+++ RAW DATA

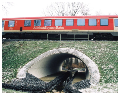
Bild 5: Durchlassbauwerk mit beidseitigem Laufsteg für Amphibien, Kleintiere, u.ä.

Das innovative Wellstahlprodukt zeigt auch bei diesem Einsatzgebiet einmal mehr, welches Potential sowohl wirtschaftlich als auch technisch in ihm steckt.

++++++
+++ RAW DATA

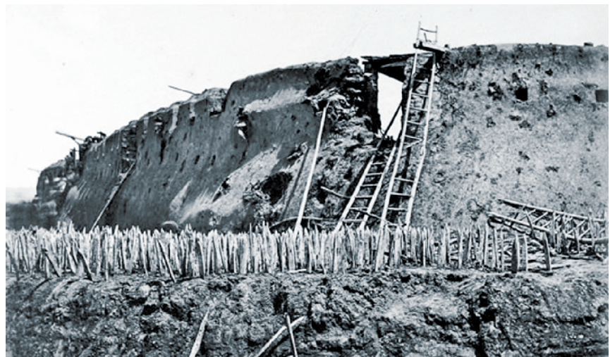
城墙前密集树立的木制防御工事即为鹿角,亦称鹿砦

++++++
+++ RAW DATA

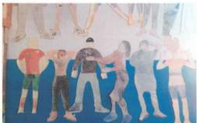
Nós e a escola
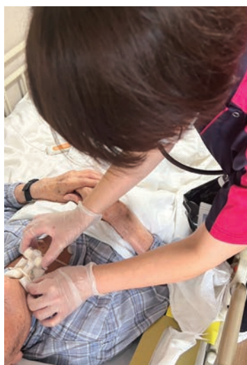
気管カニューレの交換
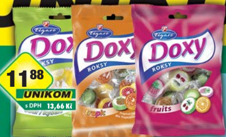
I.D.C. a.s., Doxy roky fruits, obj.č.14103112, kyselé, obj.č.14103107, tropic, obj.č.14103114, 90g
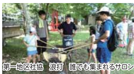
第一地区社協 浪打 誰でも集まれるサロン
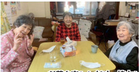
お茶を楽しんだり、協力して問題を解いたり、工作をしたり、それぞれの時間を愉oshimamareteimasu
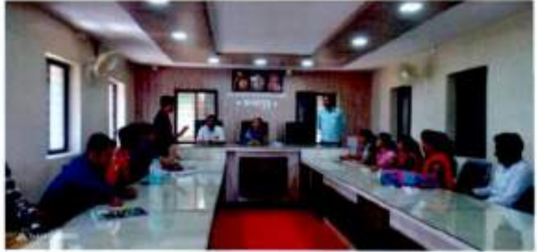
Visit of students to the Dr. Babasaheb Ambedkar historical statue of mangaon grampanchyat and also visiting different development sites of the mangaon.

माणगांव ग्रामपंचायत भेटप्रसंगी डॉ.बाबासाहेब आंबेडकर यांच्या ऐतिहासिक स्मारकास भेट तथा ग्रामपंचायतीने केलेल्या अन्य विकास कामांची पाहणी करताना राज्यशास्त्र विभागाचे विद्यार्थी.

++++++

▶ _EXERCISE_
Using the entries above, give again exactly the lines from the line holding "Bild 5: Durchlassbauwerk" through the line holding "Das innovative Wellstahlprodukt". Include both end lines and nothing else.

▶ _EXPECTED ANSWER_
Bild 5: Durchlassbauwerk mit beidseitigem Laufsteg für Amphibien, Kleintiere, u.ä.

Das innovative Wellstahlprodukt zeigt auch bei diesem Einsatzgebiet einmal mehr, welches Potential sowohl wirtschaftlich als auch technisch in ihm steckt.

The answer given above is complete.